I am a researcher at Google DeepMind in machine learning and robotics. Previously, I have been a postdoctoral researcher and PhD student at the Oxford Robotics Institute as well as a member of Oxford University’s New College. Prior visiting scholar positions include UC Berkeley (Prof Pieter Abbeel's group), ETH Zurich (Prof Jonas Buchli's group), and MIT (Prof Karl Iagnemma's group).
My collaborator's and my work has received multiple awards, including Best Student Paper at IROS 2016 and Best Conference Paper at GVSETS 2012. I have been involved in conference, workshop, and seminar organisation and teaching over last last decade including outreach chair at CoRL 2022, six iterations of the robot learning workshop at NeurIPS and summer school seminars at UZH 2022 on advances in transfer learning for RL.

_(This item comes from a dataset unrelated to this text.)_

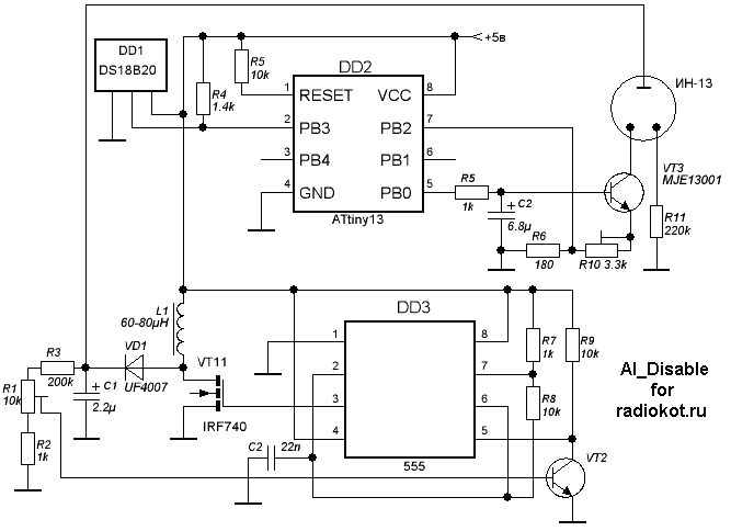 Ну вот, наконец, закончил свою версию термометра на ИН-13. Схему упростил, избавился от ОУ, заюзав АЦП тини13. Благодаря чему плата получилась очень простой и компактной. Это также облегчило калибровку и увеличило точность. Питание - 5в от ненужного зарядника от мобилы. Во вложении схема, прошивка, плата Sprint Layout 5 (Последовательно 7-й ноге тини13 - перемычка. Верхняя деталь, в корпусе TO-92 - 78L05). Перед прошивкой нужно удалить перемычку и, желательно, 555, после - всё вернуть на место. Транзистор VT2 - любой npn(например кт3102), я утянул какой-то SMD с материнки. Питать можно 7-18в. Если питать от 5в, то вместо 78L05 ставится перемычка между крайними выводами. Есть 3 версии прошивки: для уличного термометра от -50 до +50, для комнатного от 0 до +50 и от 0 до +100. Настройка очень проста: включаем термометр, теперь, как можно точнее, в течение 20сек, устанавливаем шкалу на минимальное значение, с помощью R12. После 20сек, шкала погаснет на секунду и снова загорится, теперь устанавливаем её в максимальное положение. Ещё через 20 сек термометр запомнит результат и перейдёт в рабочий режим. Если вам не хватило 20 секунд, чтоб всё точно настроить, обесточите термометр, разрядите конденсатор по питанию или подождите секунд 20 и повторите сначала. Настраивать нужно только один раз, после перебоя питания, если не трогать R12, в силу войдут сохранённые ранее настройки. Перед запайкой МК советую настроить преобразователь. Значения индуктивности дросселя такие: питание 5в - 70мкГн, 10в - 100мкГн, 15в - 150мкГн. Есть идея сделать улично-комнатный термометр: добавить ещё один DS18B20 и двухцветный светодиод , в качестве подсветки индикатора. Когда подсветка синяя - отображается уличная температура, когда красная - комнатная. Также можно избавиться от преобразователя и БП, просто запитав схему от сети, МК и датчики – через гасящий конденсатор, индикатор – через резистор. Развязка, в данном устройстве, не к чему, да и получится гораздо компактнее. Если кому-то нужны исходники стучите в аську. Всё вроде. ---------- Схема пофикшена 13.04.2010 UPD: Тактирование МК 4,8Мгц!

My current research focuses on
Sequential Decision Making: Reinforcement & Imitation Learning: many exciting problems can be modeled as SDM including robot control and even the optimisation of LLMs/VLMs. I have spend quite a bit of time working on and thinking about abstractions, HRL, IRL, and related ideas (including their application at planetary 🌍 scale).
Large-Scale Transfer and Lifelong Learning: nature does not forget, so should our agents. Transfer underlies some of the most exciting agent capabilities as foundation models grow increasingly powerful and it becomes infeasible to regenerate all existing knowledge in individual experiments. We wrote about related ideas in our recent survey.
Robotics and Real-World Control: I'm passionate about algorithms leaving their digital world and affecting our physical one. This includes questions about sim2real for robotics, complex control systems, just fun robots, and rethinking our engineering workflows.
Simpler Machine Learning Algorithms: Simplicity is key for scientific progress, simpler methods accelerate understanding, lower the barrier of entry to research, and help future researchers to expand prior work (here are some related works).